Cells, each of which contain our full genetic information, are the building blocks for complex life. Genes carry information in the form of DNA which, not only determine our physical characteristics, but also govern the day-to-day functioning of our biological processes and ultimately maintain our health.
A genetic disorder or disease occurs when a segment of our DNA is damaged, missing, duplicated, or substituted, causing our body to function in an unexpected way. This can be seen in conditions like cancer where a dividing cell mutates and develops a genetic abnormality, that causes it to begin to reproduce rapidly developing into a tumour. Other clinical conditions associated with genetic disorders are often described as rare and complex diseases.
As these diseases are caused on a genetic level, they were traditionally understood poorly and largely considered incurable. Genetic diseases remain prevalent, with many having few, if any, treatments to alleviate symptoms. This is especially true of numerous cancers. With the advent of cell and gene therapies, there are now emerging therapies that offer hope for effective treatments or even a cure for these life-threatening conditions.
While they are related fields that sometimes overlap, cell therapy and gene therapy are different.
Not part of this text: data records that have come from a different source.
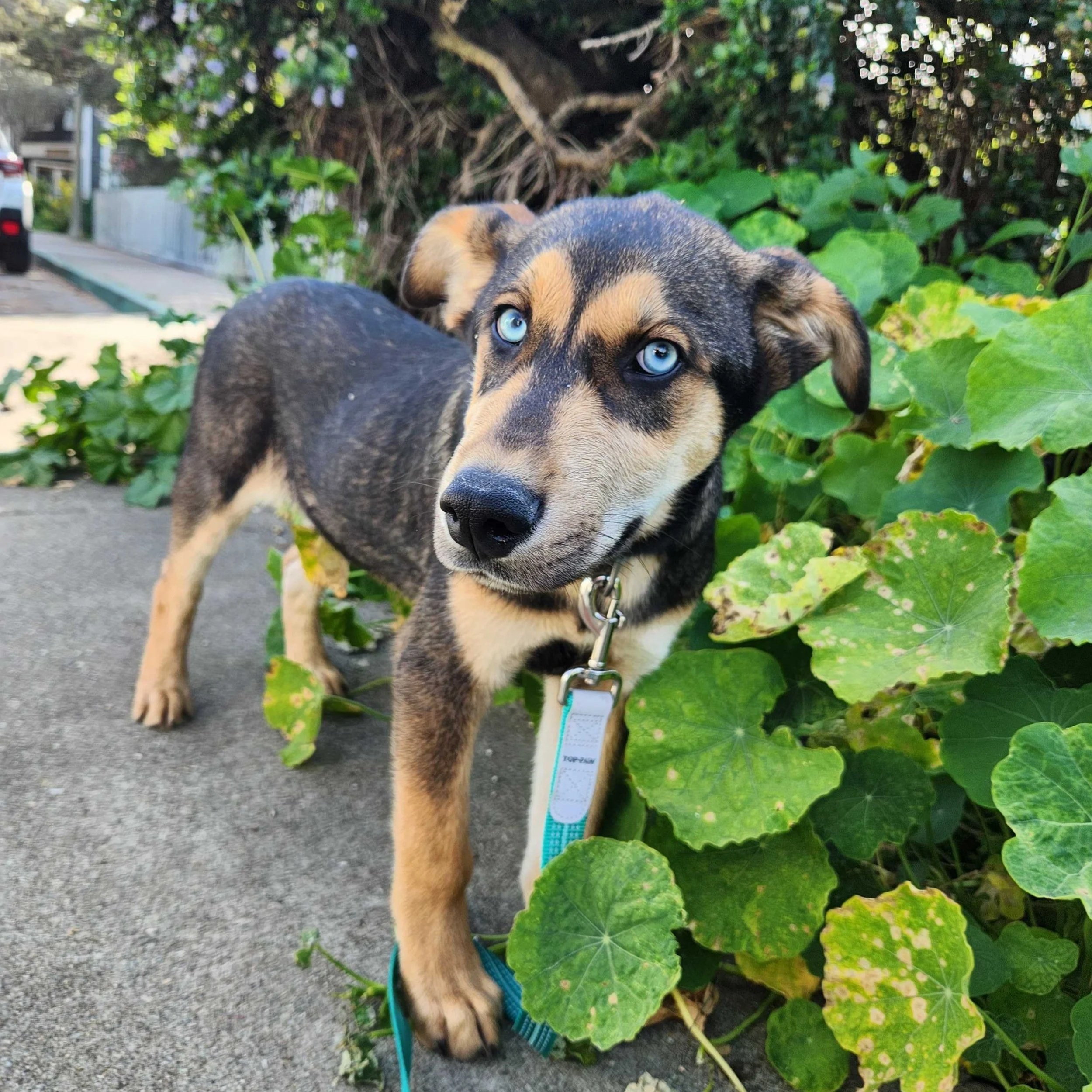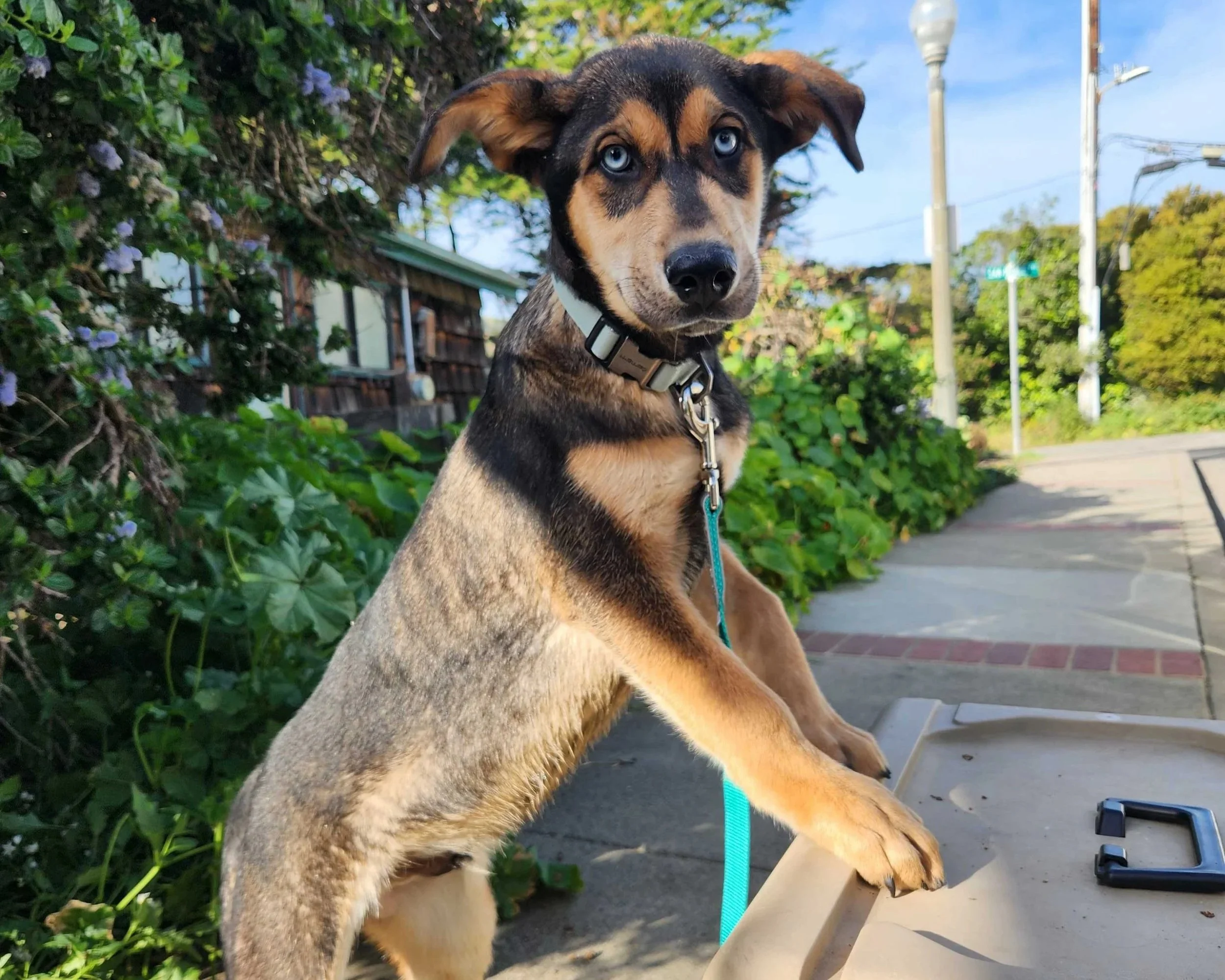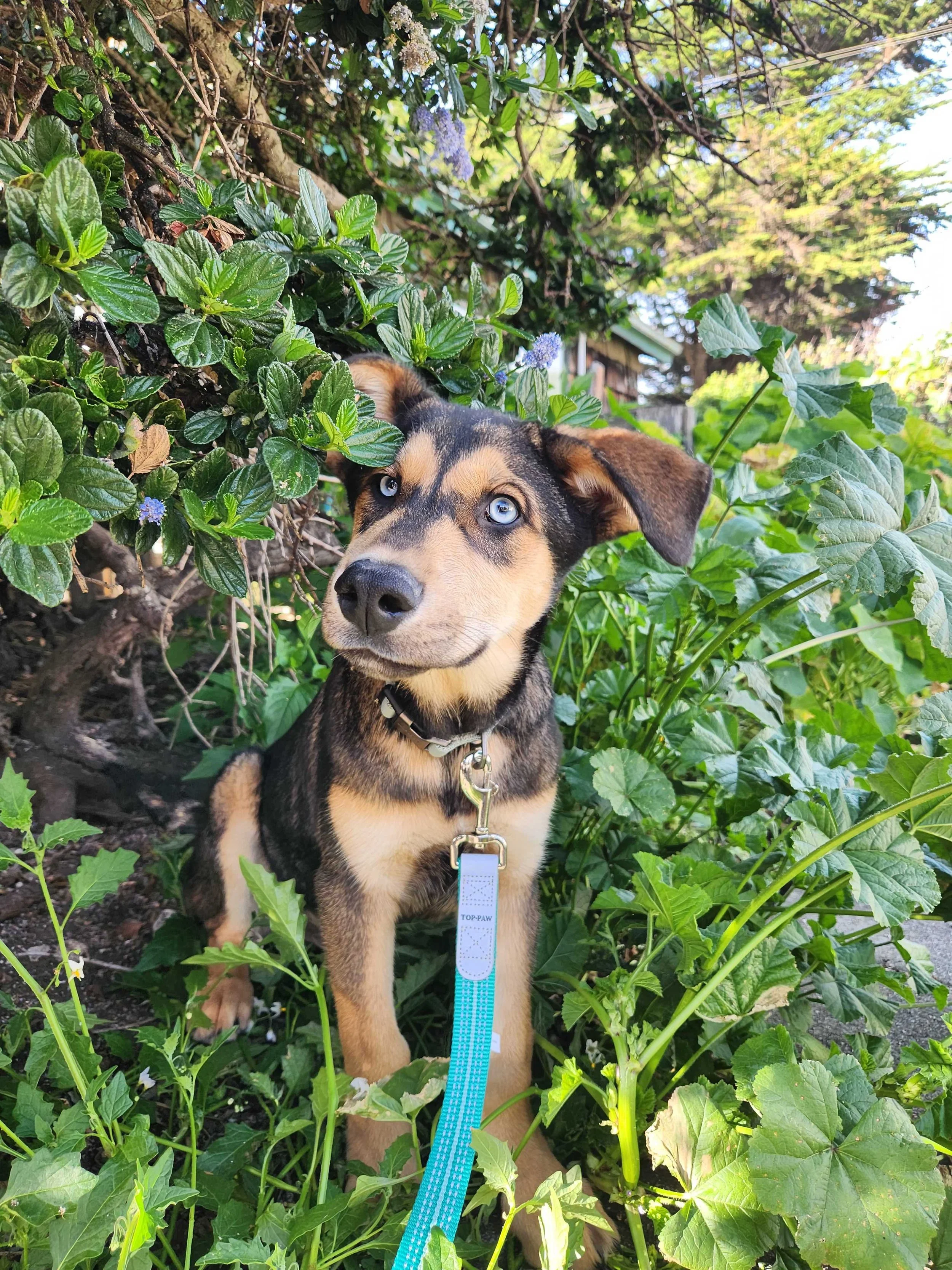 Scotch is the kind of puppy you can’t help but smile at. With his striking blue eyes and oversized puppy paws, it’s clear he’s going to grow into one seriously handsome dog. Right now, he’s all about the classic puppy life—playing hard, napping even harder, and exploring everything around him.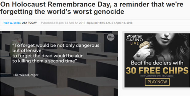 Oy gevalt, remember us goyim! Also lol @ a casino ad in an article about the Shoah. Google Adsense knows what’s up.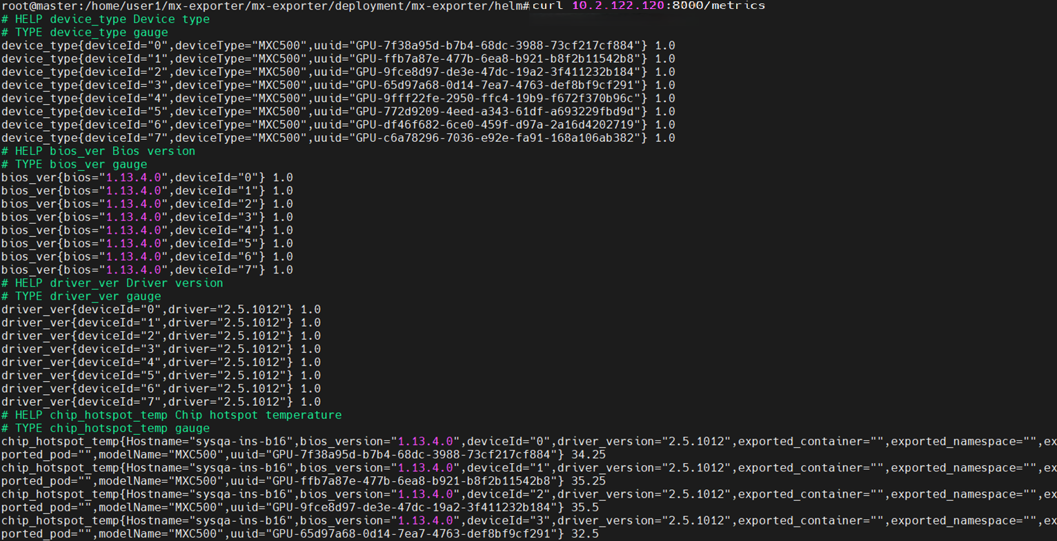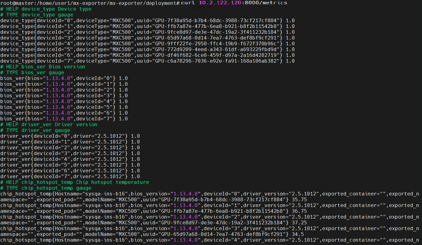 mx-exporter部署成功后,等待40秒,可在k8s中用 curl 命令查看mx-exporter抓取的GPU信息,回显信息如图 3.3 所示。
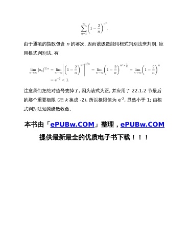 由于通项的指数包含 n 的幂次, 因而该级数能用根式判别法来判别. 应 用根式判别法, 有 注意我们把绝对值号去掉了, 因为该式为正, 并应用了 22.1.2 节最后 -2 的那个重要极限 (把 k 换成 -2). 所以极限值为 e , 显然小于 1; 由根 式判别法知原级数收敛. 本书由「ePUBw.COM」整理,ePUBw.COM 提供最新最全的优质电子书下载!!!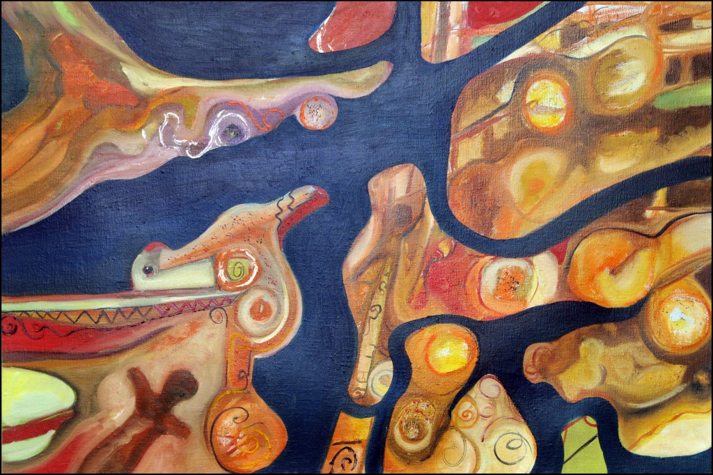 На слику “стављам“ оно што се тог тренутка „врти“ по мојoj глави, а онда, између цртежа, бојама и линијама покушавам да направим везивно ткиво и драматургију слике.
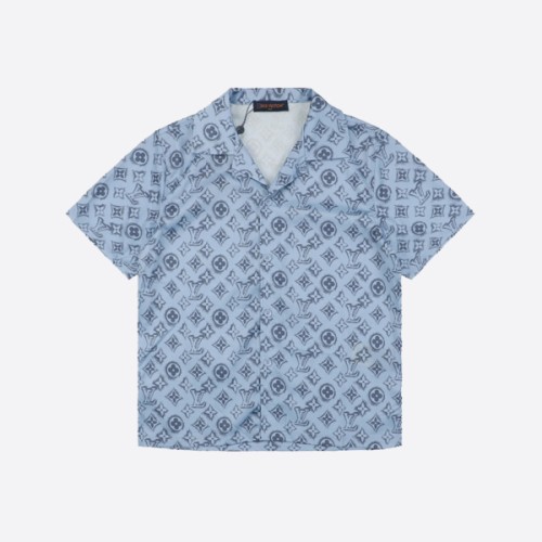 루이비통 모노그램 실크 쇼트 슬리브 셔츠 블루 > ★ Top

Cell therapy uses cultivated cells which have been genetically modified to address a specific genetic condition. Cells cultivated under carefully controlled conditions are introduced to the patient and contain vital genetic information to induce the required therapeutic effect.
Cells can be acquired from an individual patient whose cells are processed and re-administered into the patient, known as autologous cell therapy. In some instances, the cells may have been adapted from donor cells. This is known as allogeneic cell therapy.
Gene therapy is a new-age treatment, it works by changing a patient’s DNA on a cellular level either with treatments inside the body (in vivo) or outside the body (ex vivo). Many of these treatments use therapeutic viruses, which are engineered to induce changes in a patient’s cells.
Research into Cell and Gene Therapy becomes real for patients when breakthroughs translate into the manufacture of Advanced Therapy Medicinal Products (ATMPs). These new medicines treat genetic diseases at the source by affecting changes in their tissue, cells, or DNA with the potential to provide an effective ‘once only’ treatment to alleviate severe disease.